_TASK GOAL_
The answer must be an exact transcription of the lines below from the first through the one containing "在答辩过程中,大多数同学都能", with the pictures left out; please add nothing else.

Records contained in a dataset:
<<<<

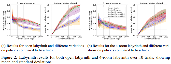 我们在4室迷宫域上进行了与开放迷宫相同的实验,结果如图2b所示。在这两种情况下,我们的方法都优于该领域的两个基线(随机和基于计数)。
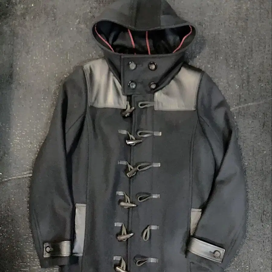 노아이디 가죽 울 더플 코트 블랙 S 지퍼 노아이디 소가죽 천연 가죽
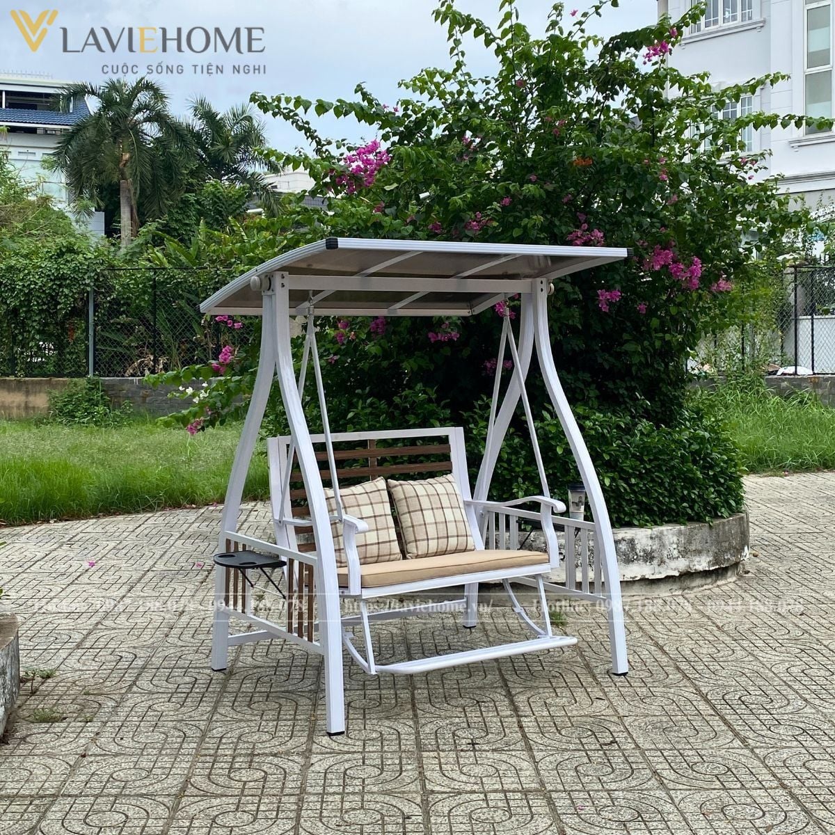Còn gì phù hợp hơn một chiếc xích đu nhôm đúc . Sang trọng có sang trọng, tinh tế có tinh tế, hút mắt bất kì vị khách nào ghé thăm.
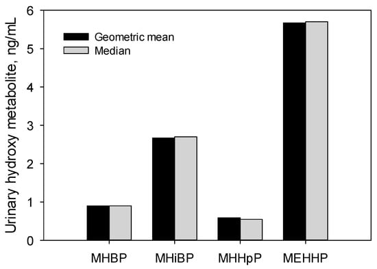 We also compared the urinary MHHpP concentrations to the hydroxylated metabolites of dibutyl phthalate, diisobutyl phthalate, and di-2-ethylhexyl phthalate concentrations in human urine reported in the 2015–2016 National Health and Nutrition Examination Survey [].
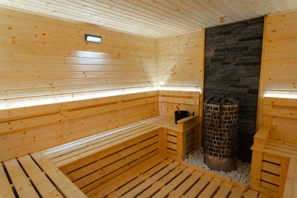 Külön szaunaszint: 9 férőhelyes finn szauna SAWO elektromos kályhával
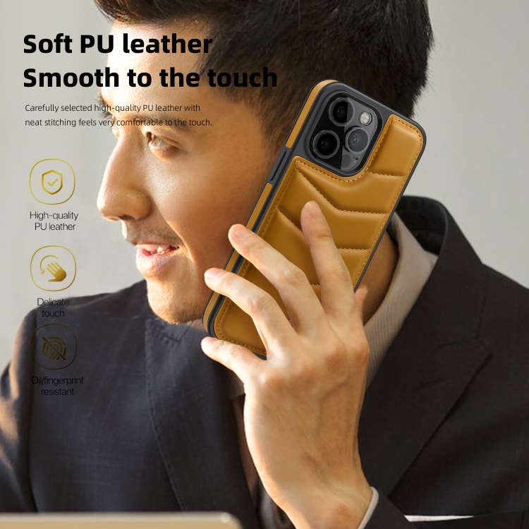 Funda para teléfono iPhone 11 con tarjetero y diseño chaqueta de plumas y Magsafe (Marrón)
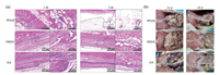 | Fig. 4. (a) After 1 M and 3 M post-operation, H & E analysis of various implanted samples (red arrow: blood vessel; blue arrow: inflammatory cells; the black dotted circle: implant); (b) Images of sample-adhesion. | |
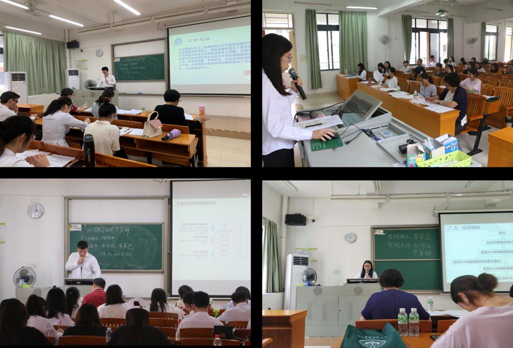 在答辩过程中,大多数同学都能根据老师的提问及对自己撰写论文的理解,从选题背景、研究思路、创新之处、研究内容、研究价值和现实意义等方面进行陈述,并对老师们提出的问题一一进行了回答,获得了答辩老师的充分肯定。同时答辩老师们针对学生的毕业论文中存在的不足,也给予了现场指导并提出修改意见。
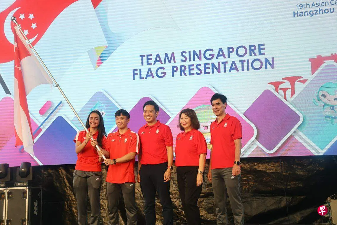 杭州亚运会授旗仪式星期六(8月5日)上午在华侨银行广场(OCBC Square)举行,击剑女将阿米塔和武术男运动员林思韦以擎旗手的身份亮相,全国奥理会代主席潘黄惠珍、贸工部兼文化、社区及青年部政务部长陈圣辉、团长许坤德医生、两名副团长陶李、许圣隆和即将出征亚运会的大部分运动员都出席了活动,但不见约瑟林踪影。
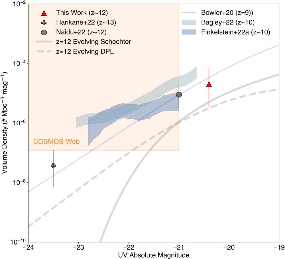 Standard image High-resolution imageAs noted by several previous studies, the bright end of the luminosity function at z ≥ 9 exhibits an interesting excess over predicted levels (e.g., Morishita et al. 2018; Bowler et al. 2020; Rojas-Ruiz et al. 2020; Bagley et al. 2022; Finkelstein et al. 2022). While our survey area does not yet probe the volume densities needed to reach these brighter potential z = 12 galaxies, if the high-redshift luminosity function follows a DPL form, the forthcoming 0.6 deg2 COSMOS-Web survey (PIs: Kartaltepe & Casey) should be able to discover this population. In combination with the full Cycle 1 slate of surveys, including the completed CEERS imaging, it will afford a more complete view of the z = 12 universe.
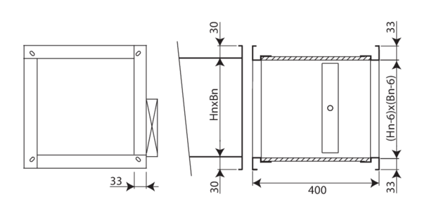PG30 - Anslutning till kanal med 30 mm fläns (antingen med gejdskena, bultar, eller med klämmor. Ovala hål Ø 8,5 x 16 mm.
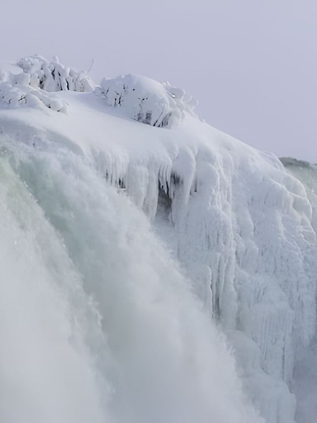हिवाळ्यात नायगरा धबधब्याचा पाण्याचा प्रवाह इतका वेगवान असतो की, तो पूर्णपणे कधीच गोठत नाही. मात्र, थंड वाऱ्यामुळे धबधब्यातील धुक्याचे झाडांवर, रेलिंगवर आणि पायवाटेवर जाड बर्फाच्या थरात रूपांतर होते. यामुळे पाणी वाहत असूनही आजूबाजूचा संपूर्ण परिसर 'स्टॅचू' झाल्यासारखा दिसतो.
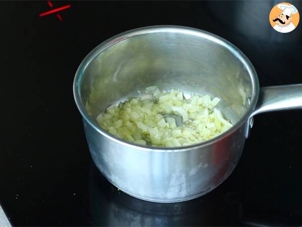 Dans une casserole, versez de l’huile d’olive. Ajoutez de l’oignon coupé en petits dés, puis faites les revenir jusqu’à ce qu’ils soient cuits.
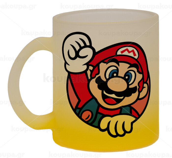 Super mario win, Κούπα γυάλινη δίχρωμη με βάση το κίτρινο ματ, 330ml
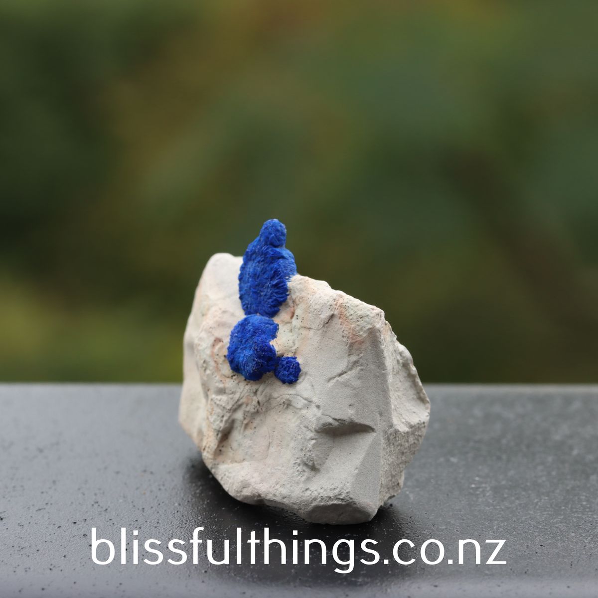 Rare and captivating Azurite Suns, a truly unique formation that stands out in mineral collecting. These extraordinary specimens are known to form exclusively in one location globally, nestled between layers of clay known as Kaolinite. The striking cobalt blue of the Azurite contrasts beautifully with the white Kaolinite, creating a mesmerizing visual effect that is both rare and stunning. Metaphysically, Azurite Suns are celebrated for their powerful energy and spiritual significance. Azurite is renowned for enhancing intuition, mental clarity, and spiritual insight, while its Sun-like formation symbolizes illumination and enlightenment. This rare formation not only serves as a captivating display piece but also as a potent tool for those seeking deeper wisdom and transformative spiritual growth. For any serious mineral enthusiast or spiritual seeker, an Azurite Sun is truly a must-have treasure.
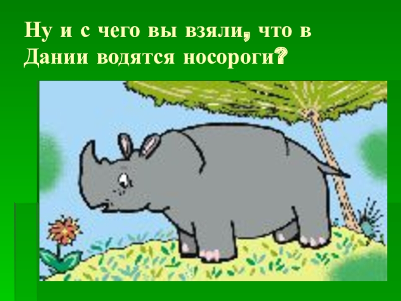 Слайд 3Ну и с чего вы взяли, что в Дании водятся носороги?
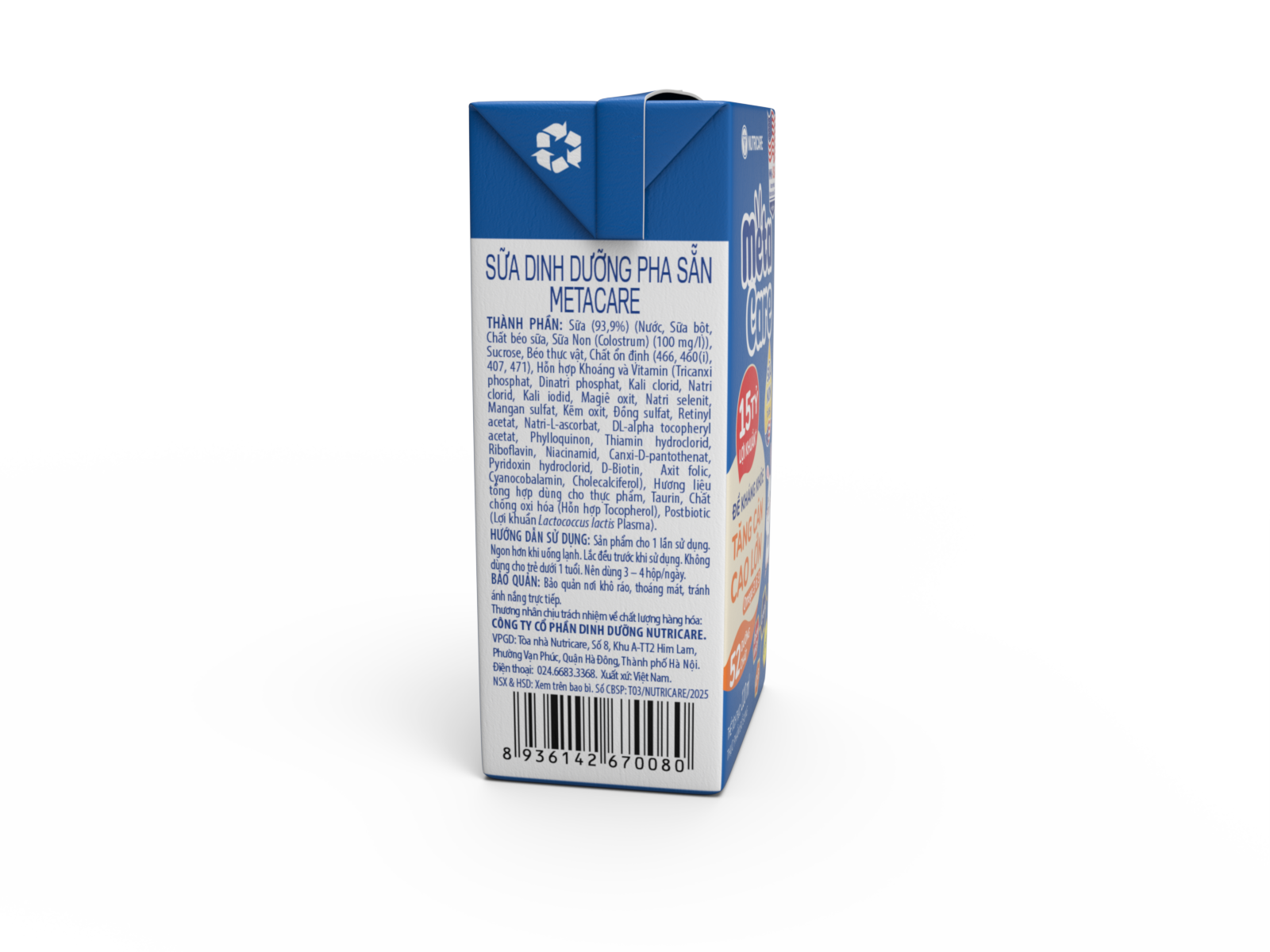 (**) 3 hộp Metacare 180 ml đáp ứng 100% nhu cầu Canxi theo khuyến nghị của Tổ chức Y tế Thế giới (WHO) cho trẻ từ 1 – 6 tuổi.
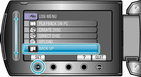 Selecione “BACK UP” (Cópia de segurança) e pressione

>>>>

_TASK ANSWER_
 我们在4室迷宫域上进行了与开放迷宫相同的实验,结果如图2b所示。在这两种情况下,我们的方法都优于该领域的两个基线(随机和基于计数)。
 노아이디 가죽 울 더플 코트 블랙 S 지퍼 노아이디 소가죽 천연 가죽
Còn gì phù hợp hơn một chiếc xích đu nhôm đúc . Sang trọng có sang trọng, tinh tế có tinh tế, hút mắt bất kì vị khách nào ghé thăm.
 We also compared the urinary MHHpP concentrations to the hydroxylated metabolites of dibutyl phthalate, diisobutyl phthalate, and di-2-ethylhexyl phthalate concentrations in human urine reported in the 2015–2016 National Health and Nutrition Examination Survey [].
 Külön szaunaszint: 9 férőhelyes finn szauna SAWO elektromos kályhával
 Funda para teléfono iPhone 11 con tarjetero y diseño chaqueta de plumas y Magsafe (Marrón)
 | Fig. 4. (a) After 1 M and 3 M post-operation, H & E analysis of various implanted samples (red arrow: blood vessel; blue arrow: inflammatory cells; the black dotted circle: implant); (b) Images of sample-adhesion. | |
 在答辩过程中,大多数同学都能根据老师的提问及对自己撰写论文的理解,从选题背景、研究思路、创新之处、研究内容、研究价值和现实意义等方面进行陈述,并对老师们提出的问题一一进行了回答,获得了答辩老师的充分肯定。同时答辩老师们针对学生的毕业论文中存在的不足,也给予了现场指导并提出修改意见。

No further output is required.